# How can I count analogue pulses over 10secs.

Discussion in 'General Electronics Discussion' started by JPU, Sep 22, 2012.

1. ### JPU

281
1
May 19, 2012
Hi All

I have been working on a heart pulse counter. I am now happy(ish) with the analogue side and my scope shows quite a nice signal.

Here is the video:

I now wish to use the readadc command on a PICAXE chip to count the beats per minute. I have given this some thought and its giving me a little headache as I'm struggling to work out how can I count the pulses received above 2V and then calculate the Beats per minute. I realise I have to count the beats over, lets say a 10 sec period and multiply by 6 to get the BPM but how do I count over a 10 second period. I think I am a little lost as how I can guarantee the time to be exactly 10secs.

Any help or pointers would be appreciated.

Thanks

JPU

2. ### (*steve*)¡sǝpodᴉʇuɐ ǝɥʇ ɹɐǝɥdModerator

25,501
2,841
Jan 21, 2010
Time the interval between pulses and convert that to pulses per minute.

To reduce noise, apply an averaging algorithm.

3. ### Harald KappModeratorModerator

11,996
2,810
Nov 17, 2011
You don't need the ADC. It is possible to use it but it would make the program unnecessarily complicated. If you want to do it, you will have to read the ADC continuously and detect the peaks in software by comparing the ADC values to a pre-set value. Whenever the ADC reading crosses that value (from lower to higher) count one pulse.

May I suggest another method? Within the analog part of your circuit first use a low-pass filter to smooth your signal without loosing the peaks. After the filter, use a Schmitt-Trigger comparator circuit to generate a clean digital signal from the filtered analog signal. Use that digital signal as input to a timer/counter of the PICAXE. Reset the timer/counter and wait for a specified time interval (e.g. 1 minute). After that interval read the timer/counter and you have directly the number of beats per minute. If you set the wait-interval to another time (e.g. 1/2 minute to shorten the delay), multiply the timer/counter value accordingly (by 2 in this example).

4. ### JPU

281
1
May 19, 2012
Thanks for your replies.

My original thought was similar to your suggestion Harold.
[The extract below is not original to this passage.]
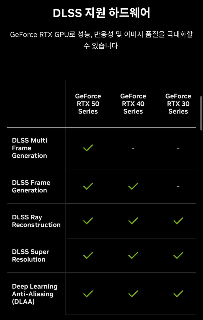 위 표를 보면 알겠지만 DLSS는 3000번대 글카도 됨

However it was suggested to me that the pulse was to small for a schmitt-trigger to work reliably?

What are your views on this?

JPU

5. ### gorgon

603
24
Jun 6, 2011
Make a Schmitt trigger based on a normal comparator, and you can set the trigger levels as you wish.

TOK

6. ### BobK

7,682
1,688
Jan 5, 2010
Personally, I would stick with the ADC since you already have the microcontroller, why add extra hardware? What you have to do is wait for the signal to go above a certain level, count a pulse, then wait until it goes below another lower level before looking for the next pulse. This emulates a schmidt trigger, and you can fine tune it with software. And I would go with what Steve said about counting the time between pulses instead of pulses in a 10 second interval. Use a running average of maybe 4 or 5 pulses.

Bob

7. ### gorgon

603
24
Jun 6, 2011
To get a correct count, you need to get the time from the start-to-start, or end-to-end of the pulses. That's the period to convert to pulses/time unit.

TOK

8. ### JPU

281
1
May 19, 2012
Hi Guys

Thanks for your ideas, this is slowly starting to make a little sense to me.
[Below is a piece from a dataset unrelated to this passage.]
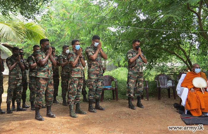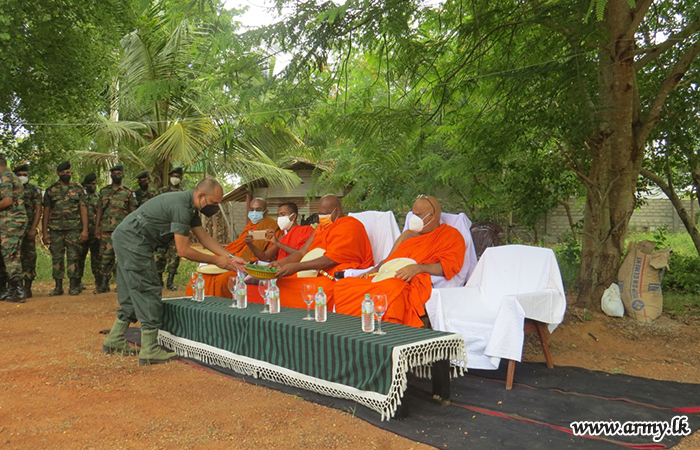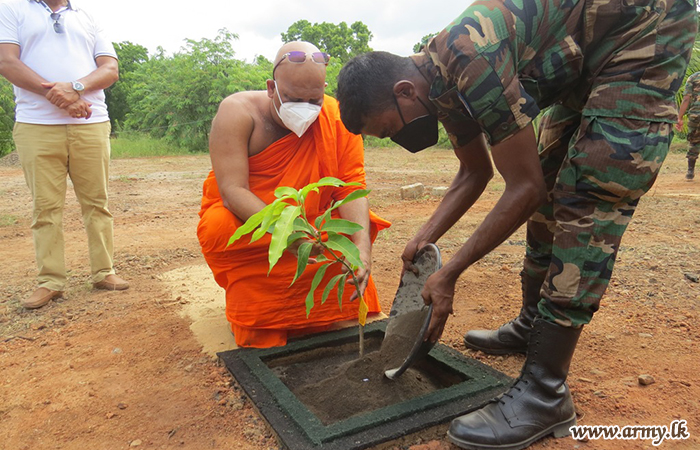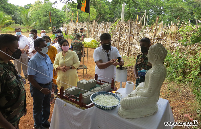 The sponsorship, extended by Ven. Dr. Bodagama Chandima Thera, Director of Cultural Committee, World Buddhist Sangha Council. Taiwan United Samādhi Buddhist Foundation, Founder and Director of Sri Lanka Dharma Chakra Children's Foundation, Presidential Adviser on International Religious and Cultural Affairs, would enable 24 Sri Lanka Sinha Regiment troops of the 591 Brigade to construct a new home for a needy family in Sila Watta GS Division in Mullaittivu. The cornerstone for its construction was laid by the sponsor and a few senior officers on Saturday (7).

I can see how counting the space between pulses is the way to go. So can you guys help me along this path..

Idea---->

Use a picaxe using the readadc command to sense when the peak occurs and ends.
Start a timer which counts until the next readadc value goes high (100+) again. (stop timer)
divide 60 by the count, the result is the BPM

This sounds good but problem I see is If I program the pick to readadc until the input goes 100+. I will then wait until the peak ends, ie<100 before I start the timer. How do I then instruct the counter to count in a recognised or time interval equivalent until the next peak.

I have come up with this simple idea but the problem is how do I work out what the time equivalent of the count variable is in my program (is there a way?), How long does it take for the subroutine jumpout to loop. If I know this I will know the value of count as a time interval. Should I introduce a pause???
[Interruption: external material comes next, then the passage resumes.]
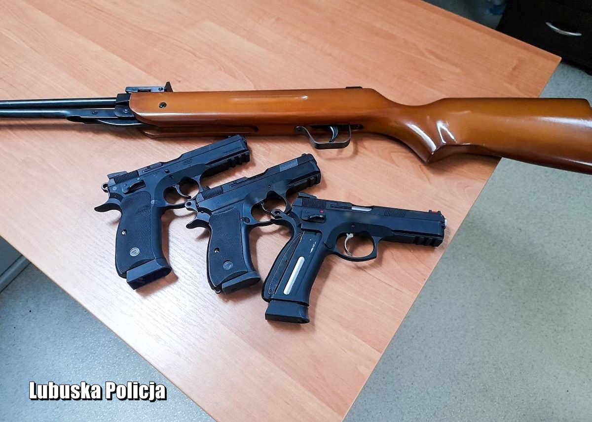 Po wyłamaniu drzwi policjanci zatrzymali 37-latka. Mężczyzna był pijany. Wydmuchał 1,5 promila alkoholu. Kryminalni zabezpieczyli trzy przedmioty przypominające broń palną krótką oraz wiatrówkę sprężynową.

(please forgive me syntax, I fiddled with BASIC 25years ago. I know that I will have to revise the instructions for picaxe but you guys will know what I mean)

start:
if readvalue=1 then goto jumpout
goto start

jumpout:
let count=count+1
goto jumpout

clockstopped:
let bpm=60/count
print bpm

end:

Thanks for taking the time to help.

JPU

Edit: I just saw Gorgons post so I will incorporate his advice in the program..It is not shown in the above program.

9. ### CDRIVEHauling 10' pipe on a Trek Shift3

4,960
652
May 8, 2012
Yes Justin. Do as Harold says. The ADC isn't the best choice here.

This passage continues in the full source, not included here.